我叫王桂兰,今年五十六岁,河南许昌人。这辈子没出过什么远门,去过最远的地方是郑州,还是二闺女生孩子那年去的。四年前,大闺女在杭州生孩子,让我去帮忙带外孙,我想都没想就答应了。
我把家里三亩地包给了邻居,把养了五年的老母鸡托给对门刘婶照看,又把公公从敬老院接回来安顿好,扛着一个编织袋就去了杭州。编织袋里装着几件换洗衣服、一双自己纳的千层底布鞋、两罐自家腌的辣椒酱,还有两千块钱——那是我在地里种了一年菜攒下的。

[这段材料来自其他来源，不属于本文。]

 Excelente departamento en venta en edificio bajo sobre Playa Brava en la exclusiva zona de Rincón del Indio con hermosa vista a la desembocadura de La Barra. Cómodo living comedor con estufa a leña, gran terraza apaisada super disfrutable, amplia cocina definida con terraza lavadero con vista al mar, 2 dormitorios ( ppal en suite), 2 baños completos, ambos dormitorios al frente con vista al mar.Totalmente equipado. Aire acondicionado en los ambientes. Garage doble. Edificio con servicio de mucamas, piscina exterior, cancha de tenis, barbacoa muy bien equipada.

那时候我想得简单。闺女在城里打拼不容易,当妈的帮衬一把,天经地义。带孩子嘛,不就是累点,在农村什么苦没吃过?
我没想到,这一带就是四年,更没想到,临走那天,我会扇我亲闺女两巴掌。
到杭州那天是腊月二十二,风大,冷。
女儿方敏和女婿来车站接我。方敏穿着一件浅灰色的毛呢大衣,化了淡妆,头发烫了卷,跟过年回老家时完全不一样了。她站在出站口的人群里冲我挥手,我差点没认出来。

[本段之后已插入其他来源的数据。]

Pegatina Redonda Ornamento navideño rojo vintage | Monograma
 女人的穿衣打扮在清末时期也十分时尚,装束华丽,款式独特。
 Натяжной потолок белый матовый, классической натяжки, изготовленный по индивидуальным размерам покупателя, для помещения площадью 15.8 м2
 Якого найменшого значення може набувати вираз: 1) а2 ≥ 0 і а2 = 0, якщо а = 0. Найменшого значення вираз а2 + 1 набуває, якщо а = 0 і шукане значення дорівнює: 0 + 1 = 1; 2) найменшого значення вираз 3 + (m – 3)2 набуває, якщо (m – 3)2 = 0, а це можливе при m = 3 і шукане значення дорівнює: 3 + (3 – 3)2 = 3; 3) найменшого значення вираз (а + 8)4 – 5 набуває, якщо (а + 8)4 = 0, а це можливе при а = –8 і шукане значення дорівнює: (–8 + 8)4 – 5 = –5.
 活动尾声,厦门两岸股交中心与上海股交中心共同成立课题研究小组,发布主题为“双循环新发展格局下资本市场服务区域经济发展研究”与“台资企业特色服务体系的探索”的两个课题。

“妈,这儿呢!”她喊我,声音很大,周围好几个人回头看。
我拖着编织袋走过去,方敏接过袋子,皱了皱眉:“妈,你怎么还用编织袋?我不是说了让你买个行李箱吗?”
“买那干啥,家里好好的袋子不用,花那冤枉钱。”
方敏没再说什么,但我知道她不高兴。她这个人从小就爱面子,上初中那会儿就不让我去学校找她,嫌我穿得土。
女婿刘磊站在旁边,冲我笑了笑,喊了声妈。他手里拿着车钥匙,穿着一件黑色羽绒服,看起来倒是个老实人。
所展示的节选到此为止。